Let’s face it. Not all since jokes are easy to understand. Have no fear! Here some of the most common scientific notions which you might come across in a joke.

Physics 1: Newton’s first law states that a body in motion remains in motion and a body at rest remains at rest unless acted upon by an unbalanced force.

General/Miscellaneous 1: Asymmetry sounds like “a cemetery”. Asymmetry in physics and mathematics is a lack of symmetry. Something is symmetric if it is unchanged when transformed. For example, a sphere has rotational symmetry because if you turn it, it looks the same.

Physics 23: The half-life of a radioactive substance is the time it takes for half of it to decay away. Ordinary cats are said to have 9 lives, so the issue is whether a radioactive cat has 9 or 18 half-lives.

Biology 12: The word “staph” is an informal version of staphylococci, a type of spherical parasitic bacteria that bunch together in irregular masses.

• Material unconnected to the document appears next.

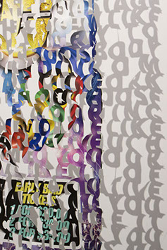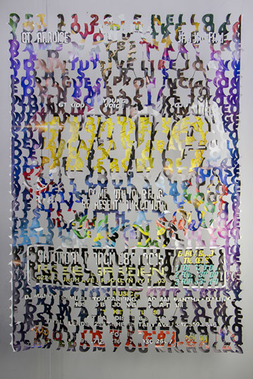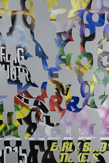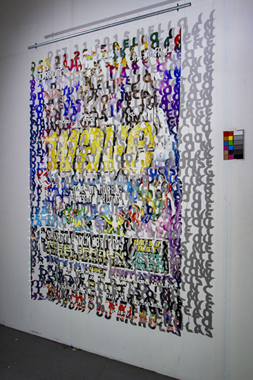 The printed banners are found objects advertising Rap, Reggae, Bollywood or other events, often with a dense pastiche of typography and a medley of artist faces printed on the surface. A ‘more is more’ aesthetic guides the designs, with vast quantities of information offered, far more than could be consumed by the passing motorists who constitute the primary audience. The dating messages are then cut into the material in dense blocks, forming a screen over the imagery. All the texts and images remain visible, but the holes and dangling letter-forms disrupt the ability to easily read or interpret any element. Coherence breaks down and the surface buzzes and vibrates.

Physics 35: According to special relativity, the length of an object decreases as the speed of the object increases.

Chemistry 14: The symbols for carbon, holmium, cobalt, lanthanum and tellurium are respectively C, Ho, Co, La and Te.

Chemistry 22: K is the symbol for potassium.

Chemistry 21: H2SO4 is sulfuric acid. Presumably, Susan drank acid instead of water.